*Exercise directions*. When you transcribe the entries, reproduce every character and exclude the images.

____ Data for the task

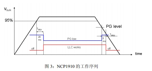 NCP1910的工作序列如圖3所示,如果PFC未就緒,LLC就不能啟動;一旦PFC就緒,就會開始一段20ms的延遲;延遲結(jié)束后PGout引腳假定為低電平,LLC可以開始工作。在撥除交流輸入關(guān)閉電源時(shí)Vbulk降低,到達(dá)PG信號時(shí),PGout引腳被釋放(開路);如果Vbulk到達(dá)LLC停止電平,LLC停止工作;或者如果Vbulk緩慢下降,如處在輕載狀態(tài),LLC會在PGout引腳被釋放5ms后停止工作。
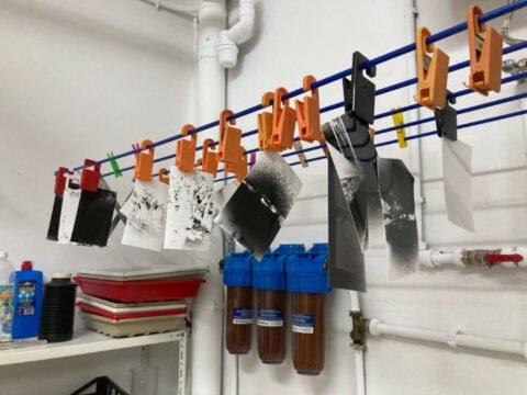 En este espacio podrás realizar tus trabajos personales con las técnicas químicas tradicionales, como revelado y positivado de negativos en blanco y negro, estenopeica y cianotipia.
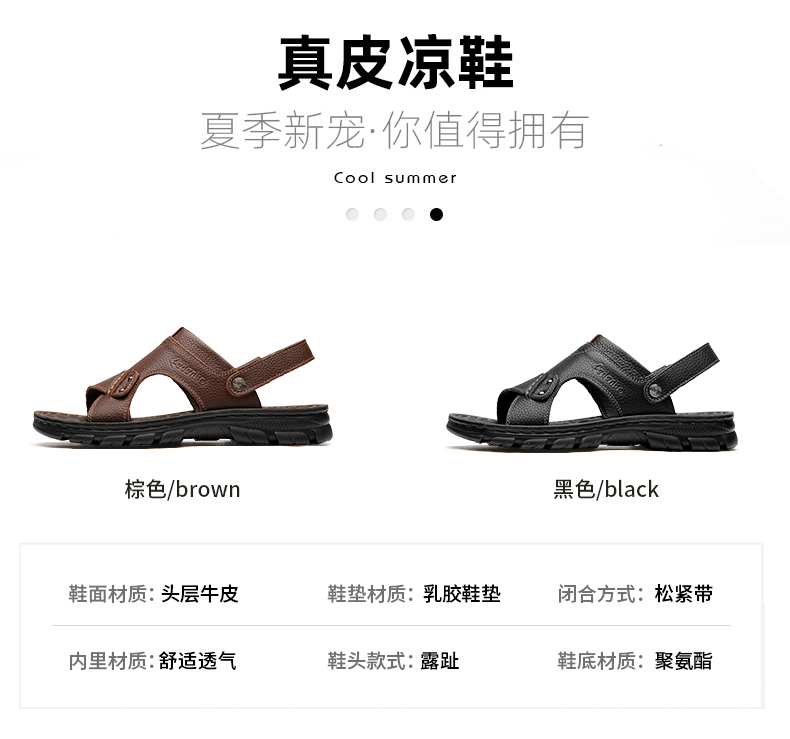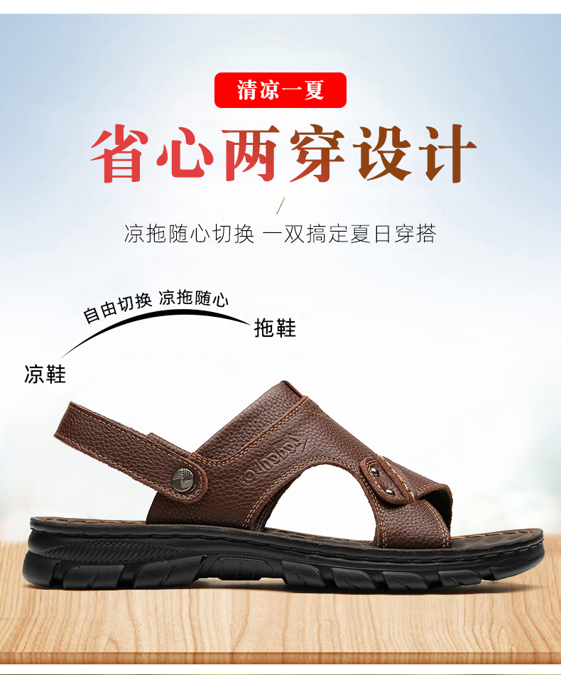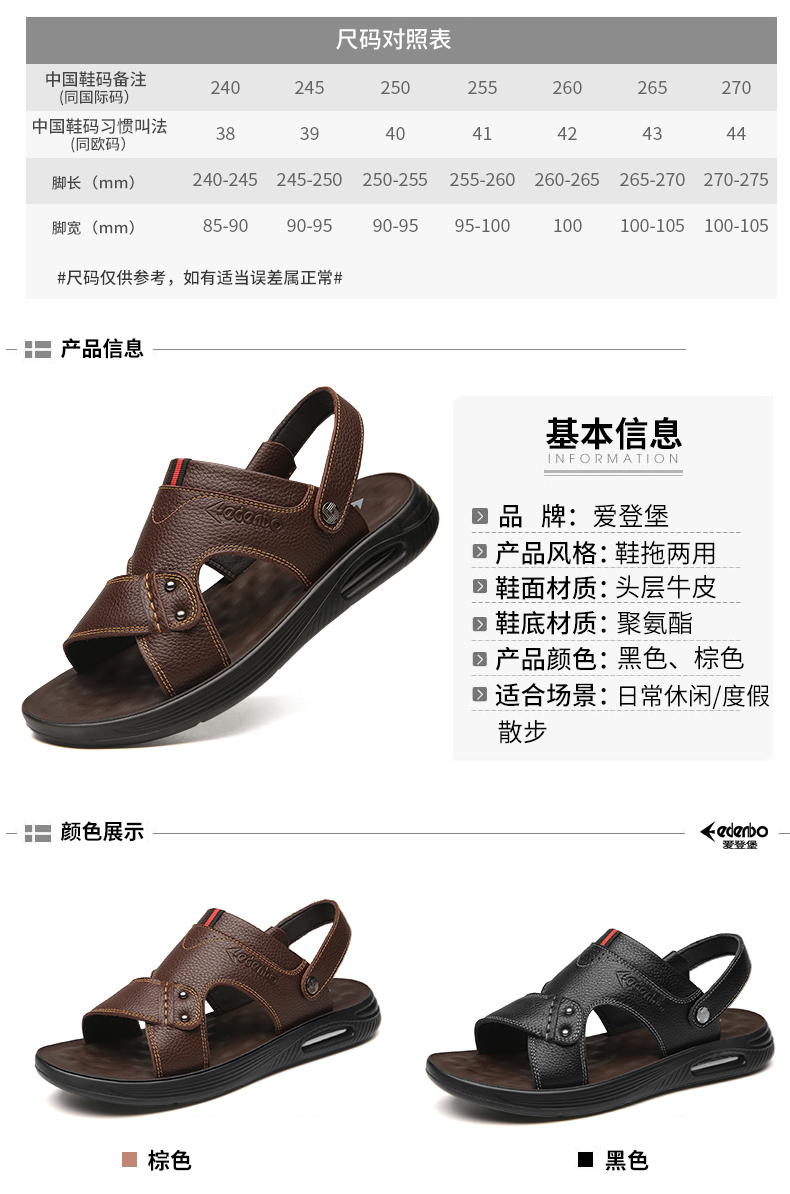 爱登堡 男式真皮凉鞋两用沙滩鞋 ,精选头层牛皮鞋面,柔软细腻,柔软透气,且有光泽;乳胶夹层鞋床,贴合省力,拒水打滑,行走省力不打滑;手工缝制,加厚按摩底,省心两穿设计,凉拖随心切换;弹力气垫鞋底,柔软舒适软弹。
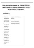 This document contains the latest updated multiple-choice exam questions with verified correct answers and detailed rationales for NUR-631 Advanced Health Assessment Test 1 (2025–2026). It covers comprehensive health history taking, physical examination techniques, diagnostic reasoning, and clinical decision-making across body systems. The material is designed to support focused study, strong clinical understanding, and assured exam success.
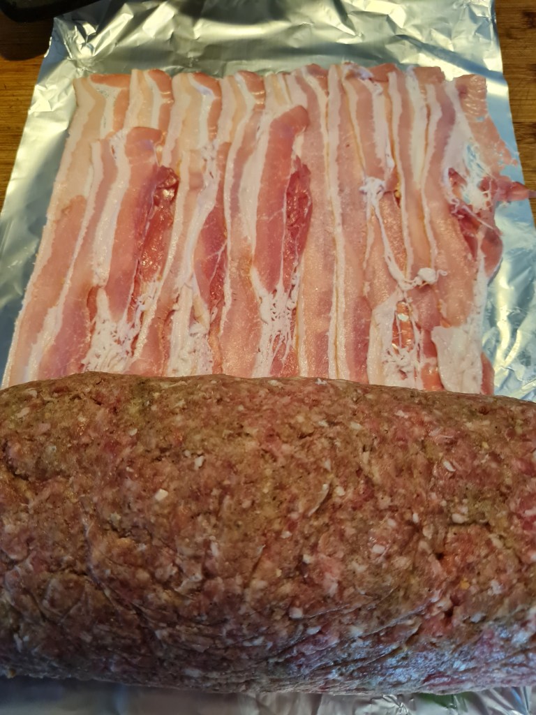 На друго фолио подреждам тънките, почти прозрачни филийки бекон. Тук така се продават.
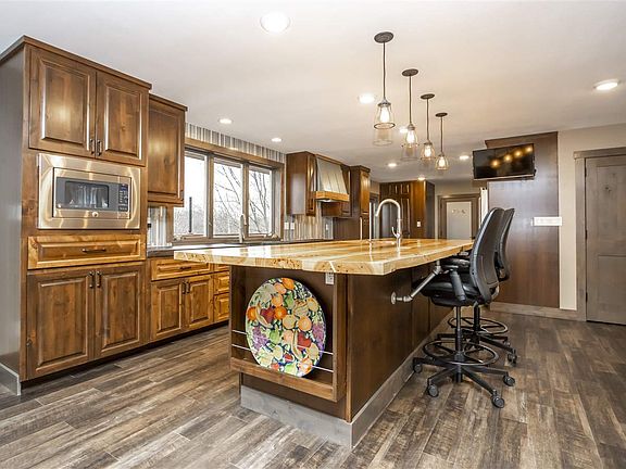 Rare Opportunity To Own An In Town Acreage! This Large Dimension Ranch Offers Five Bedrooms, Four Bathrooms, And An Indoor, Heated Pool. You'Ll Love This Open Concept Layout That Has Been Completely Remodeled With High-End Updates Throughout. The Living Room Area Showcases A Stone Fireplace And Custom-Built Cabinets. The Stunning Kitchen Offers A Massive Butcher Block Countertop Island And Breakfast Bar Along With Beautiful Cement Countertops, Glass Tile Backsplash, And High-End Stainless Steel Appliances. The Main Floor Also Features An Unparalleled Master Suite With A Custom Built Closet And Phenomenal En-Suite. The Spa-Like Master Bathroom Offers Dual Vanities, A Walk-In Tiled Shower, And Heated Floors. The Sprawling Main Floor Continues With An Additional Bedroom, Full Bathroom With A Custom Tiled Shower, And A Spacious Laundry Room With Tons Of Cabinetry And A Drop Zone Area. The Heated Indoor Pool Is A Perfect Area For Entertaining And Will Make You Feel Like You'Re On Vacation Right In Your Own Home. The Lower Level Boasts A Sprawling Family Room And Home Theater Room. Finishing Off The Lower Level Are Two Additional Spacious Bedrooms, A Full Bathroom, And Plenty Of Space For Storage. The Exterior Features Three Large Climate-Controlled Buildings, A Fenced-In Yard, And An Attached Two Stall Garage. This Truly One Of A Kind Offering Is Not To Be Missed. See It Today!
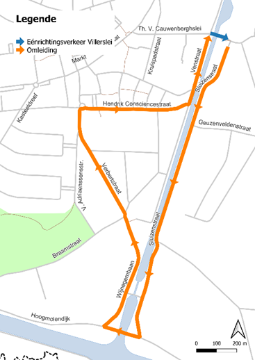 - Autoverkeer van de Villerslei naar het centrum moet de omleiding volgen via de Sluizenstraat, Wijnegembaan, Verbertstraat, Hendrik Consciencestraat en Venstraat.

________

*Exercise solution*.
 NCP1910的工作序列如圖3所示,如果PFC未就緒,LLC就不能啟動;一旦PFC就緒,就會開始一段20ms的延遲;延遲結(jié)束后PGout引腳假定為低電平,LLC可以開始工作。在撥除交流輸入關(guān)閉電源時(shí)Vbulk降低,到達(dá)PG信號時(shí),PGout引腳被釋放(開路);如果Vbulk到達(dá)LLC停止電平,LLC停止工作;或者如果Vbulk緩慢下降,如處在輕載狀態(tài),LLC會在PGout引腳被釋放5ms后停止工作。
 En este espacio podrás realizar tus trabajos personales con las técnicas químicas tradicionales, como revelado y positivado de negativos en blanco y negro, estenopeica y cianotipia.
 爱登堡 男式真皮凉鞋两用沙滩鞋 ,精选头层牛皮鞋面,柔软细腻,柔软透气,且有光泽;乳胶夹层鞋床,贴合省力,拒水打滑,行走省力不打滑;手工缝制,加厚按摩底,省心两穿设计,凉拖随心切换;弹力气垫鞋底,柔软舒适软弹。
 This document contains the latest updated multiple-choice exam questions with verified correct answers and detailed rationales for NUR-631 Advanced Health Assessment Test 1 (2025–2026). It covers comprehensive health history taking, physical examination techniques, diagnostic reasoning, and clinical decision-making across body systems. The material is designed to support focused study, strong clinical understanding, and assured exam success.
 На друго фолио подреждам тънките, почти прозрачни филийки бекон. Тук така се продават.
 Rare Opportunity To Own An In Town Acreage! This Large Dimension Ranch Offers Five Bedrooms, Four Bathrooms, And An Indoor, Heated Pool. You'Ll Love This Open Concept Layout That Has Been Completely Remodeled With High-End Updates Throughout. The Living Room Area Showcases A Stone Fireplace And Custom-Built Cabinets. The Stunning Kitchen Offers A Massive Butcher Block Countertop Island And Breakfast Bar Along With Beautiful Cement Countertops, Glass Tile Backsplash, And High-End Stainless Steel Appliances. The Main Floor Also Features An Unparalleled Master Suite With A Custom Built Closet And Phenomenal En-Suite. The Spa-Like Master Bathroom Offers Dual Vanities, A Walk-In Tiled Shower, And Heated Floors. The Sprawling Main Floor Continues With An Additional Bedroom, Full Bathroom With A Custom Tiled Shower, And A Spacious Laundry Room With Tons Of Cabinetry And A Drop Zone Area. The Heated Indoor Pool Is A Perfect Area For Entertaining And Will Make You Feel Like You'Re On Vacation Right In Your Own Home. The Lower Level Boasts A Sprawling Family Room And Home Theater Room. Finishing Off The Lower Level Are Two Additional Spacious Bedrooms, A Full Bathroom, And Plenty Of Space For Storage. The Exterior Features Three Large Climate-Controlled Buildings, A Fenced-In Yard, And An Attached Two Stall Garage. This Truly One Of A Kind Offering Is Not To Be Missed. See It Today!
 - Autoverkeer van de Villerslei naar het centrum moet de omleiding volgen via de Sluizenstraat, Wijnegembaan, Verbertstraat, Hendrik Consciencestraat en Venstraat.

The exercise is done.